# Krate bike accessories



## jungleterry (Dec 14, 2015)

Hello , was hoping to find a few items for my krate bike . Any one know of a good sorce to find nice krate accessories ? Besides eBay . Great to find someone in the club . Looking for a set of light rear and front and one of those cool checkered mirrors . Added pic and posted in wanted list as well . Thank you again Terry and Tammy


----------



## rfeagleye (Dec 16, 2015)

eBay is the best bet for those accessories. The mirrors have been reproduced and are sold by this seller often:

http://www.ebay.com/itm/Schwinn-Che...hash=item1ea89ea1ad:m:mBBhvBSlousBCBT7QY8N0rQ

You can't tell the difference between the repop and original mirrors other than the "Made in Japan" stamp on the clamp. They are that good!

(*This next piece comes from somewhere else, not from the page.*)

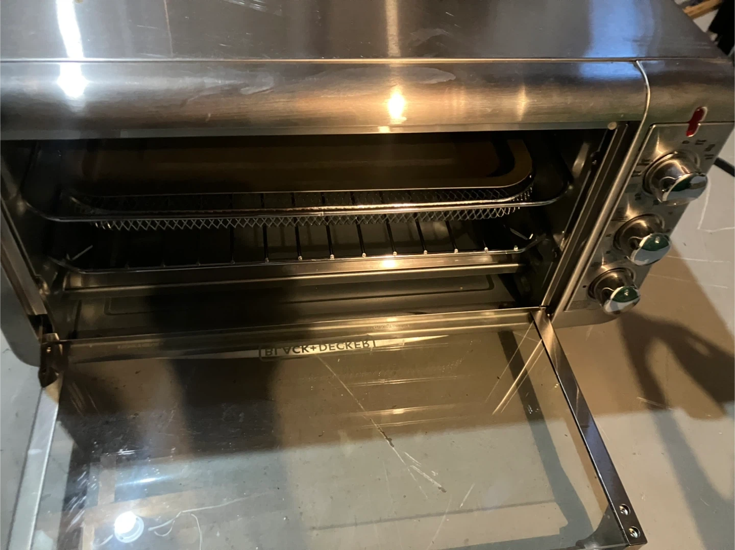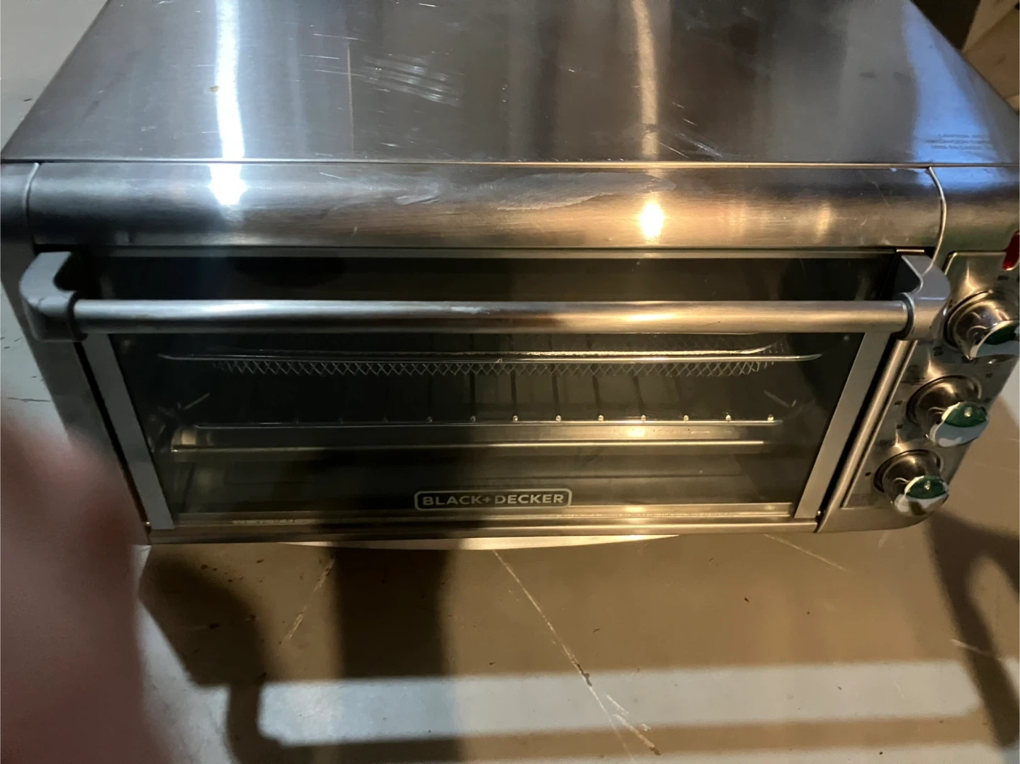 Stainless steel Black+Decker toaster oven with air fryer function. It's a versatile kitchen appliance for toasting, broiling, baking, and air frying. Includes a bake tray and air fry basket.

And the Krate Ball Lights pop up all the time on eBay, here is a great example that just got listed:

http://www.ebay.com/itm/Schwinn-Pum...850691?hash=item3f591a8843:g:hW4AAOSwbdpWZyyb

It even has the Schwinn batteries, kind of cool!

Sting-Ray Taillights get listed often too, just watch for them and they will turn up. Usually around $150 to $275 for NOS, used ones for less. Good luck with the hunt!


----------



## rfeagleye (Dec 16, 2015)

Here is another Krate Light, a little peppering, but with a nice original box:

http://www.ebay.com/itm/Schwinn-Pumpkin-Light-/272055187503?hash=item3f57c0b82f:g:5J4AAOSwf-VWVBhV


----------